Especialista em Justiça Fiscal, Livi avalia que embora a crise da Covid-19 tenha origem na saúde, seus efeitos se estendem por todas as áreas. O isolamento da população paralisou a atividade produtiva. Isso vai gerar uma profunda recessão, aumento no desemprego e piora nas desigualdades sociais.

“Num País onde os pobres, negros, mulheres e indígenas são sempre os mais penalizados, a pandemia da Covid-19 vai tornar tudo ainda mais difícil para essa grande parcela da população”, sentencia Livi.

O estudo do Inesc conclui que a contenção das despesas visando apenas um objetivo fiscal tem um preço muito alto, sobretudo para os grupos mais vulneráveis que arcam de maneira desproporcional com a conta. Em contrapartida, o governo federal comemorou a redução do déficit primário entre 2018 e 2019, que saiu de 1,8% do PIB para 1% ou R$ 95,1 bilhões.

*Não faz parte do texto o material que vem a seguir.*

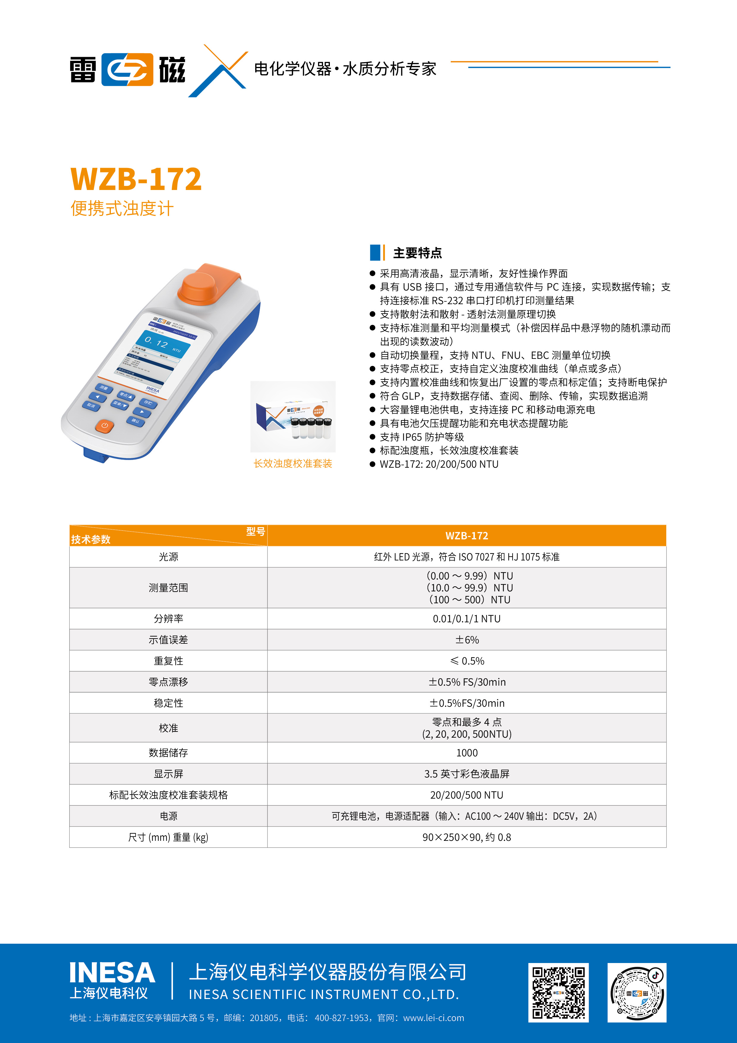 测量范围 | (0~20.00)NTU,(20.0~500.0)NTU |

O número em grande parte foi causado pelos altos contingenciamentos do governo no ano passado, que só foram revogados no final do ano, impedindo a execução dos gastos.

“Para além de uma análise fria dos números, buscamos saber se as políticas públicas e seus respectivos orçamentos estão a serviço do bem estar das pessoas, principalmente das que mais precisam, e não somente para proteger a dívida pública, muitas vezes enriquecendo setores econômicos já bastante privilegiados”, declara a assessora do Inesc.

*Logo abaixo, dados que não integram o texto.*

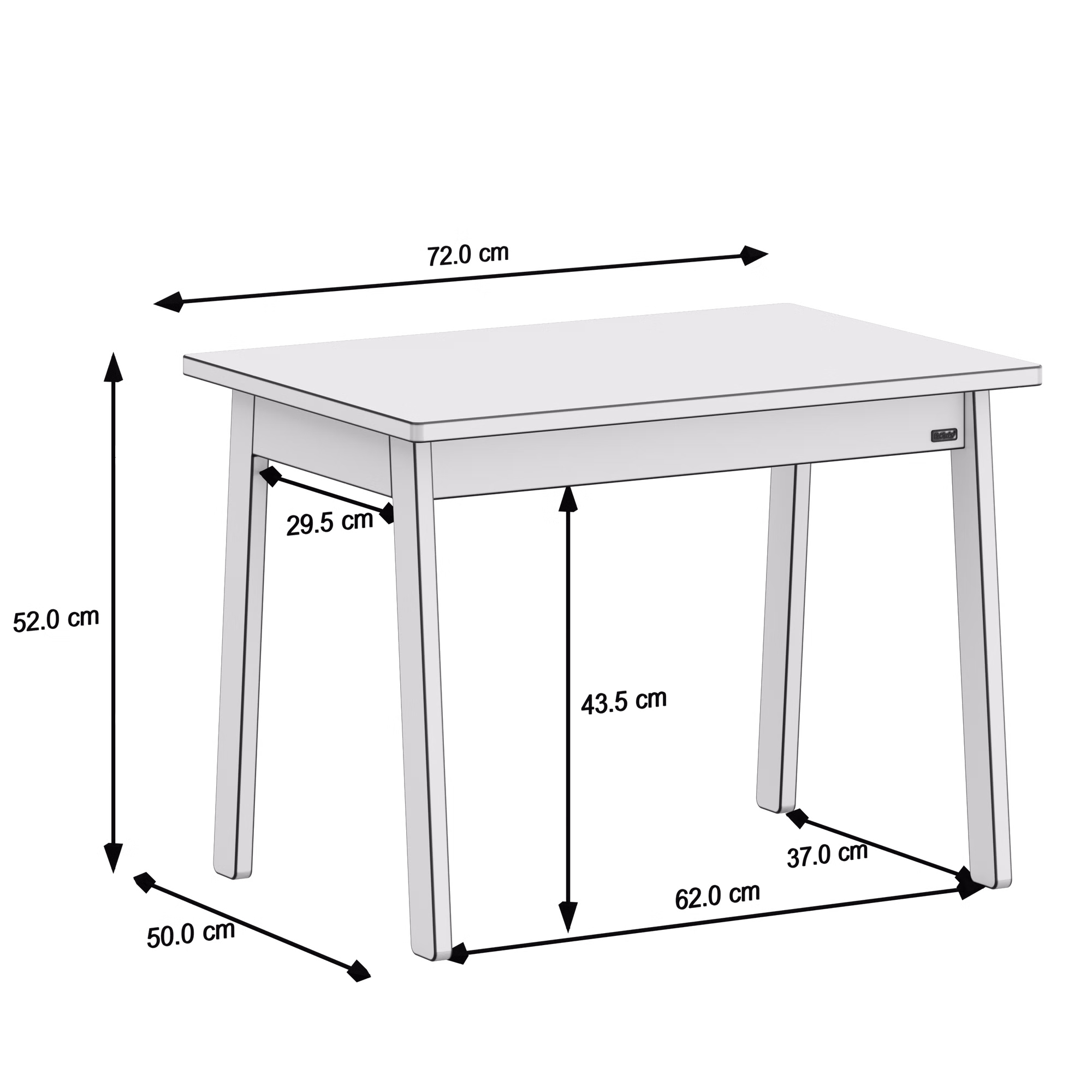 - Maße Kindertisch: B 72 x T 50 x H 52 cm

Segundo ela, este é o primeiro relatório de uma série que será publicada anualmente pelo Inesc, com o intuito de acompanhar os gastos federais com as despesas para a promoção de direitos humanos. A Metodologia Orçamento & Direitos, usada no documento, submete a análise orçamentária a um “teste de direitos humanos”, tendo como base cinco requisitos ou pilares: financiamento com justiça fiscal, mobilização máxima de recursos disponíveis, realização progressiva dos direitos, não discriminação e participação social.

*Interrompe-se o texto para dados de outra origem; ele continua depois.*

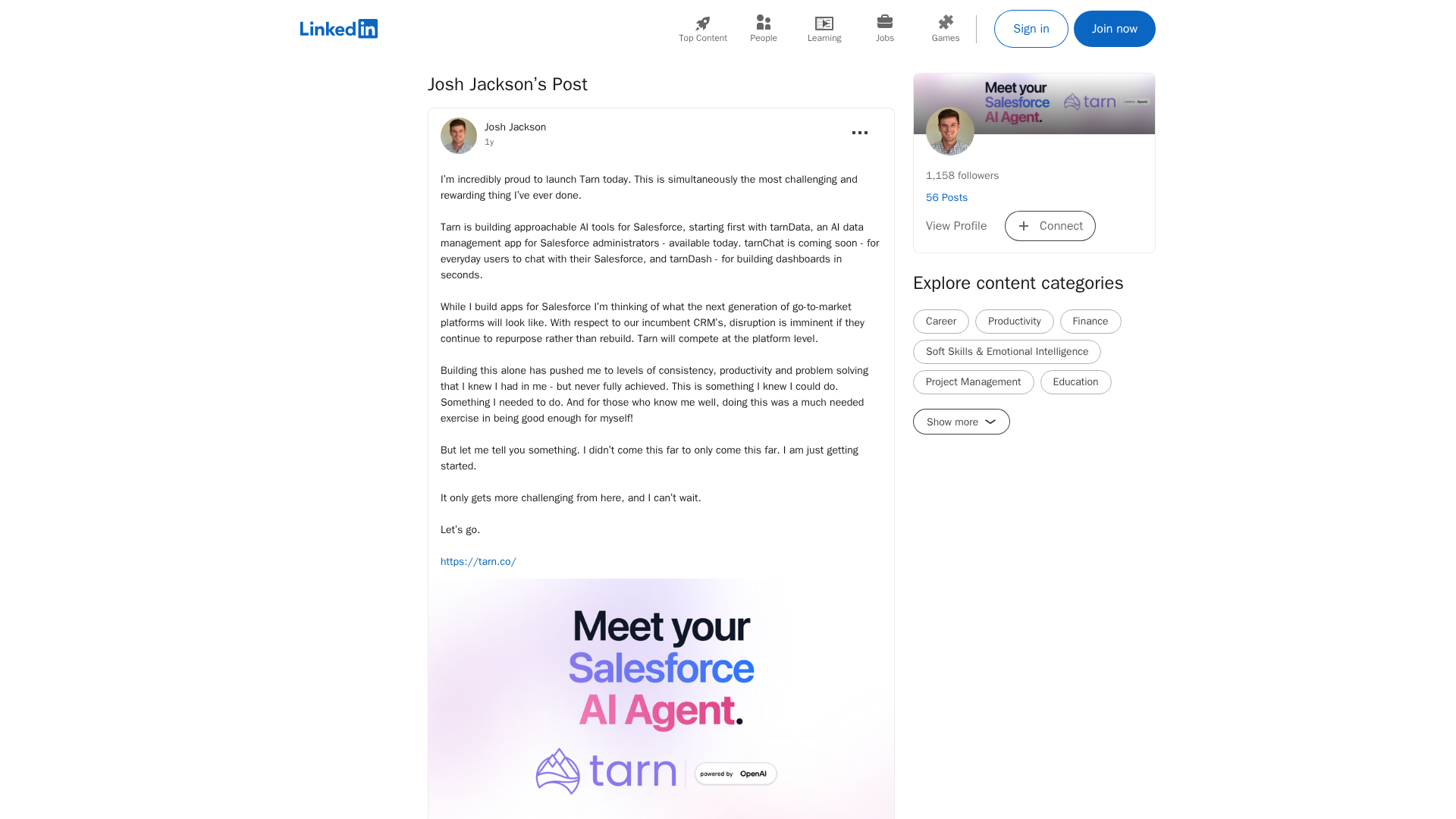 Josh Jackson unveils Tarn, a Salesforce AI agent starting with TarnData, with TarnChat and TarnDash on the horizon.

Baixe o relatório na íntegra aqui

Diante da recessão que está por vir, o Inesc, entidade filiada à Plataforma Dhesca, recomenda:

  • a revogação da Emenda Constitucional 95 em caráter definitivo.
  • a manutenção dos empregos e salários, com políticas de proteção aos informais.
  • a recomposição dos orçamentos do Sistema Único de Saúde (SUS).
  • o fortalecimento de órgãos ambientais de fiscalização, visando crescimento sustentável.
  • a reforma tributária com taxação de lucros e dividendos e contribuição mais justa para impedir que os super-ricos (que ganham mais de 320 salários mínimos) continuem pagando menos de 2% de alíquota efetiva do Imposto de Renda (IR).
  • a aprovação, em caráter de urgência, do Fundo de Manutenção e Desenvolvimento da Educação Básica e Valorização dos profissionais da Educação (Fundeb).
  • a transparência quanto ao balanço das atividades de combate à Covid-19, explicitando o detalhamento da execução do orçamento para a área.

Austeridade no contexto de pandemia

No mês de março (17/03), um grupo de entidades de direitos humanos, entre as quais a Plataforma Dhesca, entrou com uma petição no Supremo Tribunal Federal pela suspensão imediata da EC 95.  No documento, as organizações alegam que a pandemia chega ao país em um contexto de extrema fragilização das políticas sociais e de aumento da pobreza da população, e que seus efeitos vão ultrapassar 2020.

No início de abril (13/04), as organizações lançaram um alerta sobre a absurda priorização do mercado em detrimento dos investimentos sociais na PEC do Orçamento de Guerra,  que está em tramitação no Congresso.

As entidades enviaram também, na semana passada (17/04) um comunicado conjunto a relatores da Organização das Nações Unidas (ONU) e a comissionados da Organização dos Estados Americanos (OEA), chamando atenção para o risco de manter em vigor a EC95 no contexto da pandemia. O documento apresenta detalhes sobre os problemas causados pela emenda e solicita que relatores recomendem ao Brasil a sua revogação.